The licensed dealer who sells the firearm keeps your personal info, not the gov. Referenced laws: The NICS check info to approve purchase must be destroyed within 24 hours; no national database allowed per Federal law TITLE 18, PART I, CHAPTER 44, § 922; Firearm Owners' Protection Act (1986); Gun Control Act 1968.
City of Chicago attempted to gain all info maintained on sales and ownership from BATF (they do keep national database on firearms/bullets used in crime) in order to prosecute manufacturers. It failed. Who else would want to know the names and addresses of every American gun owner...people who want to steal them, to use the info for political purposes, for legal actions, marketing monitoring, and the biggest one of all...it would be national registration which is the necessary condition for confiscation. It can happen here.

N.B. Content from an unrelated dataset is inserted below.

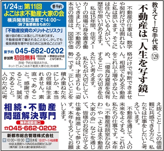 不動産を通じて、人の未来をよくする。これが私たちの仕事です。本年も「不動産相談室かながわ」や「よこはま不動産大家の会」などを通じて、皆様のお役に立てる仕事を推進して参ります。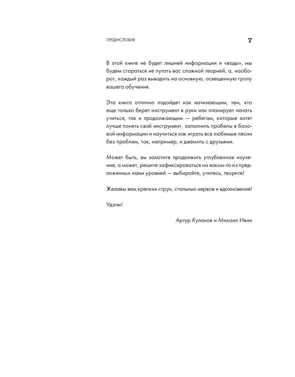 Путь любого шестиструнного самоучки всегда похож получением очень разрозненных знаний, добытых разным путем и отсутствием понятного плана обучения. Эту книгу написали такие же самоучки, которые вот уже более 20 лет не выпускают гитары из рук. Артур и Миша на собственном опыте досконально изучили все нюансы и трудности такого пути.

How do they keep track of private sales now? Whats to stop them from "abusing" your personal information currently? The government already has all of your personal information (they GAVE you your SSN) and easy access to the original gun sale. Who would the gov't share your info with? How would they abuse it? WHY would they abuse it? What laws do you speak of? All serious questions, mind you.
Your scheme for the database I assume would include the address of the purchaser? Perhaps their Social Security number too? I assume all private sales would have to go into the database too, otherwise the government would only have a record of the original transaction. It might be a good idea to require every owner to update the database every year too huh? And, if a firearm owner failed to do any of these requirements, there would be heavy criminal penalties applied.
Wait a minute...wouldn't only the non-criminals abide with these requirement? In other words, every citizen who is law abiding will be in the government's database as firearm owners; plus what they own and where they live. That certainly would be an interesting data for the government to have...and to share. Because of the likely abuse of this personal information, a number of laws have been passed prohibiting the federal government for maintaining any database of legal owners. And that is good.